Take the lines in the listing below from the line with "Розумні кухонні ваги" up to and including the line with "Adidas Predator soccer" and set them down exactly, skipping pictures and adding nothing.

AVAILABLE DATA —
☆ ☆ ☆ ☆
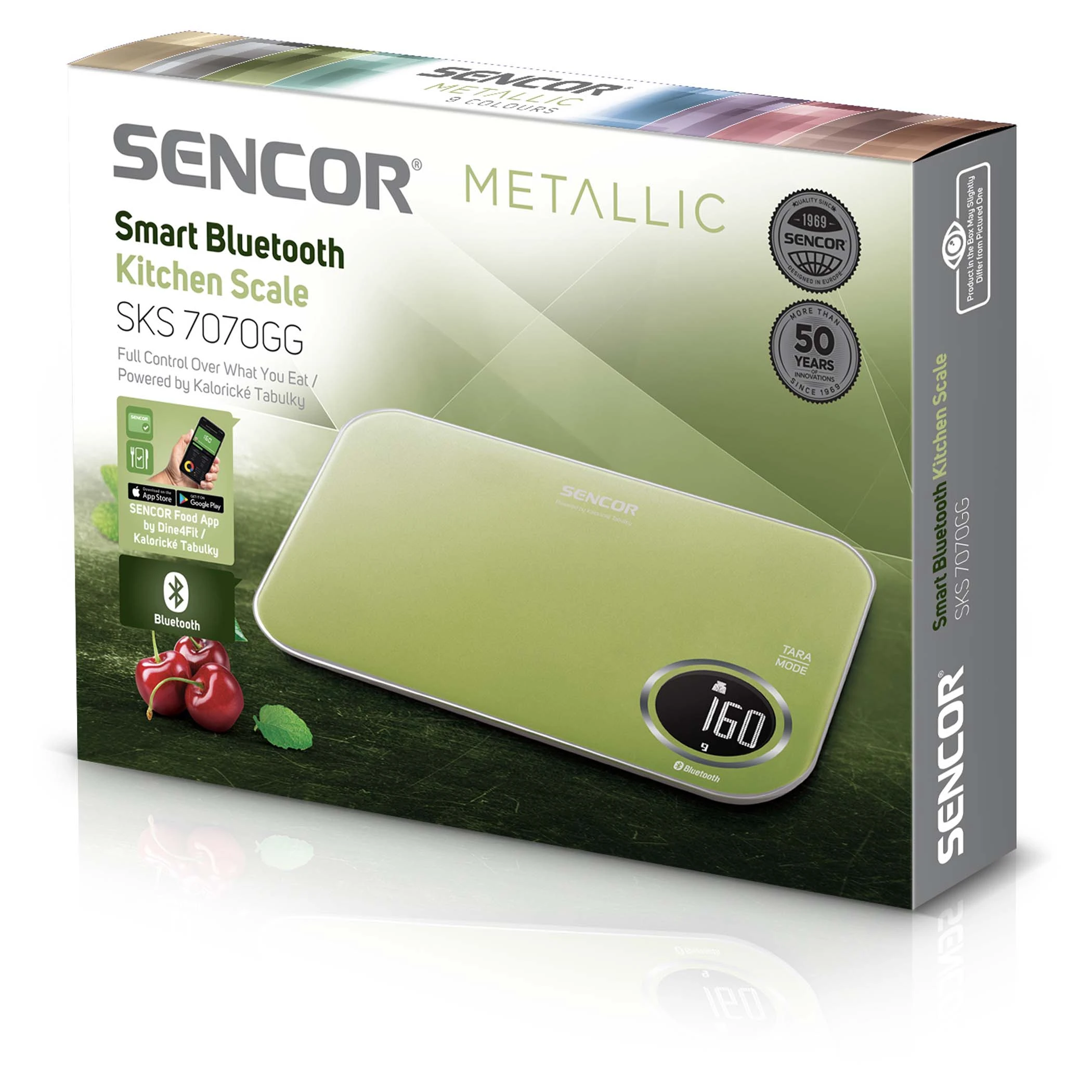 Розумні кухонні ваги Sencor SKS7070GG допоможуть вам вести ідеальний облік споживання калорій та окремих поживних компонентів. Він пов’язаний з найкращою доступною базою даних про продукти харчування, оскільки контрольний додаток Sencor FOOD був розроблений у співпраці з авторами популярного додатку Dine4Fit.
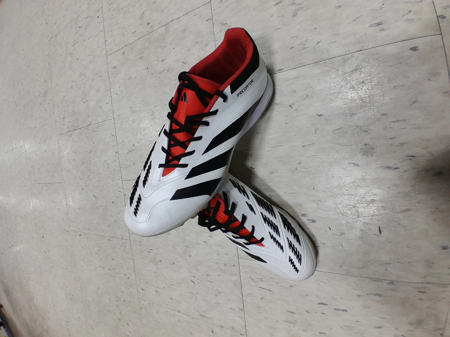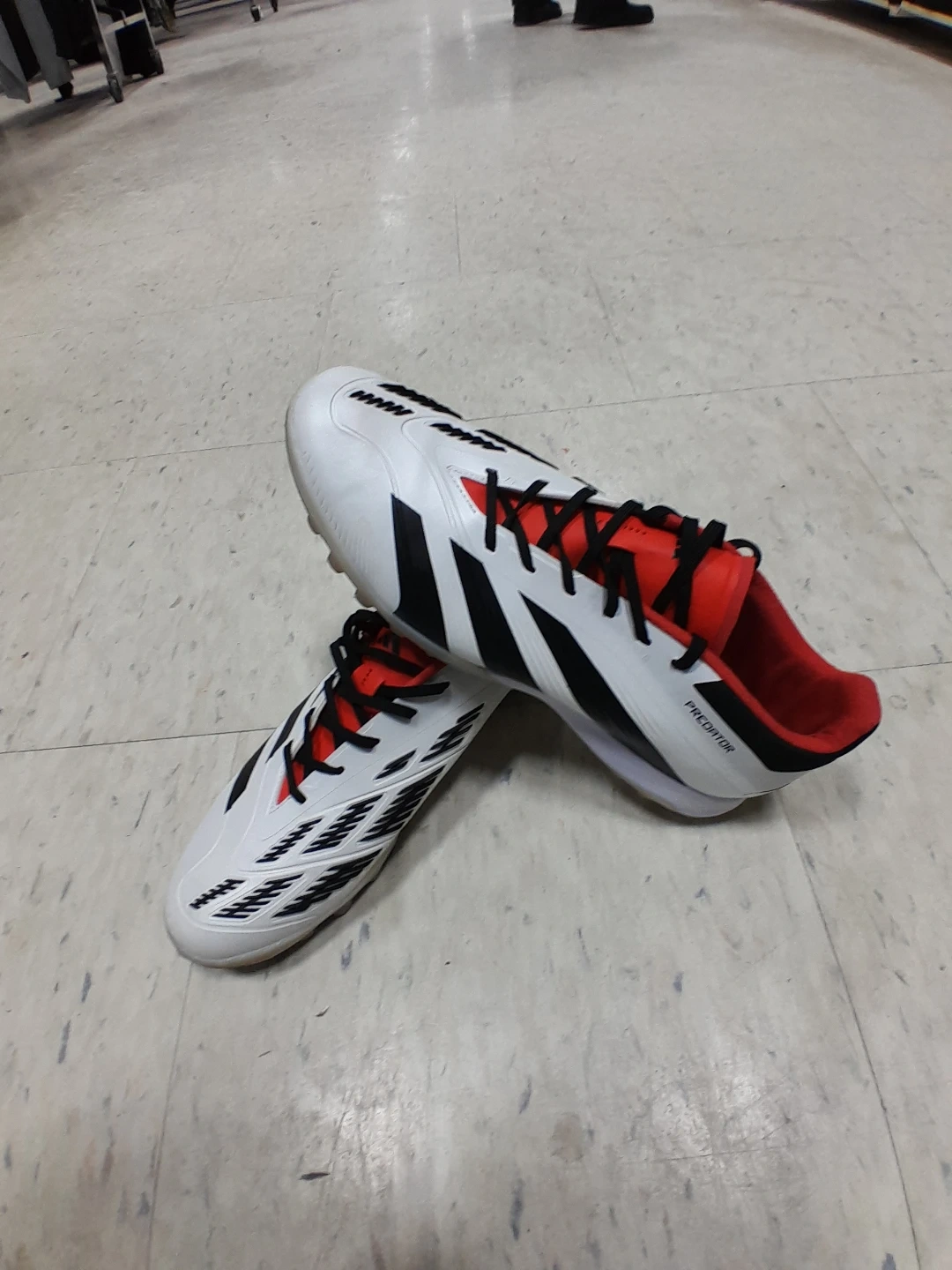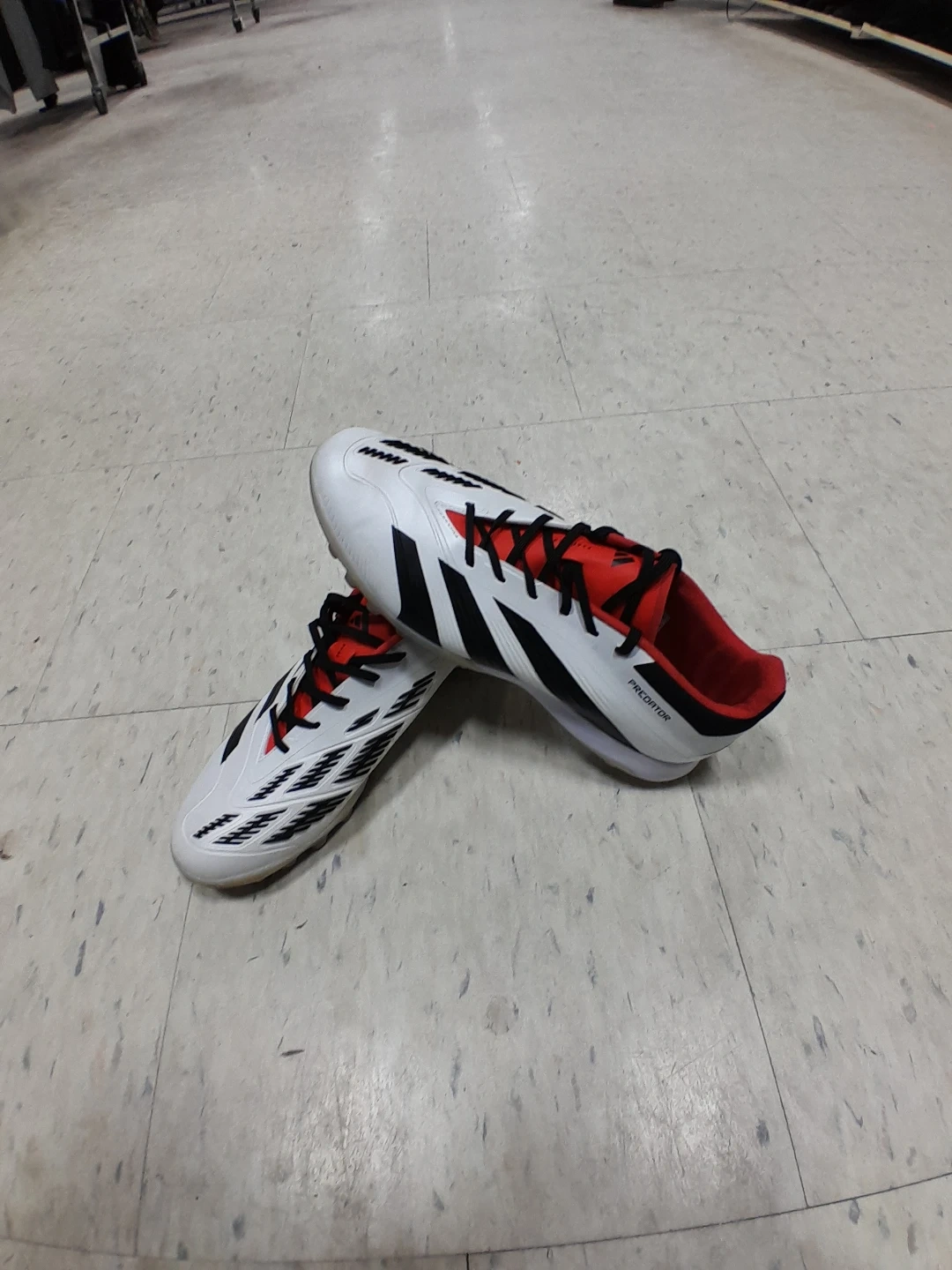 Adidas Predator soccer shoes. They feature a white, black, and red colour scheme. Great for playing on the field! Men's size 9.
☆ ☆ ☆ ☆
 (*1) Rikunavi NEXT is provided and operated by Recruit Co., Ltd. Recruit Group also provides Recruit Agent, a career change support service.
☆ ☆ ☆ ☆
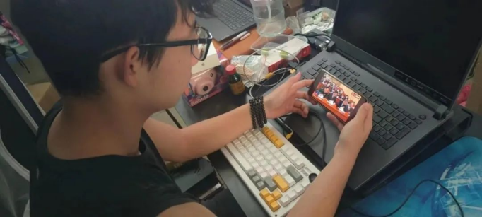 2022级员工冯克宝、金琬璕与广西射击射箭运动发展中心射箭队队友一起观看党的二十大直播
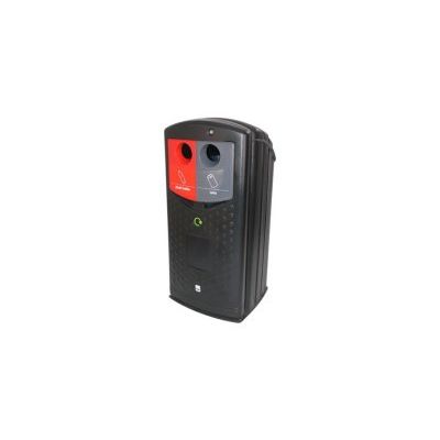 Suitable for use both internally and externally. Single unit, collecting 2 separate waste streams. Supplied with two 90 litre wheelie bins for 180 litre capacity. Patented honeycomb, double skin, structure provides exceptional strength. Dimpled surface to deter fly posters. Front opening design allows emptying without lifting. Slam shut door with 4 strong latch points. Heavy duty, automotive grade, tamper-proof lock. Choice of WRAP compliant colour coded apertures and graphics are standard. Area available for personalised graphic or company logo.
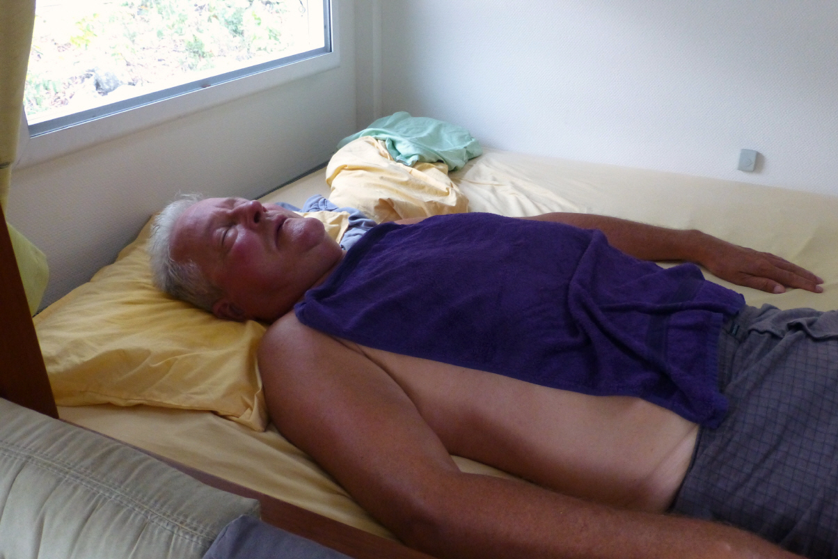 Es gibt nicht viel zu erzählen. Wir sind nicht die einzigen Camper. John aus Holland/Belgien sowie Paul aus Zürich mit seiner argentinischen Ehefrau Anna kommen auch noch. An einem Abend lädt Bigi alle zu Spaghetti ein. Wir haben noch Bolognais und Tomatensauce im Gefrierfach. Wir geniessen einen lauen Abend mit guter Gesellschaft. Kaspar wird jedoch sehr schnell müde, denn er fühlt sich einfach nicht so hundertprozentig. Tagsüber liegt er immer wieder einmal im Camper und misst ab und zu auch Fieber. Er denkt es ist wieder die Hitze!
☆ ☆ ☆ ☆
RESULT —
 Розумні кухонні ваги Sencor SKS7070GG допоможуть вам вести ідеальний облік споживання калорій та окремих поживних компонентів. Він пов’язаний з найкращою доступною базою даних про продукти харчування, оскільки контрольний додаток Sencor FOOD був розроблений у співпраці з авторами популярного додатку Dine4Fit.
 Adidas Predator soccer shoes. They feature a white, black, and red colour scheme. Great for playing on the field! Men's size 9.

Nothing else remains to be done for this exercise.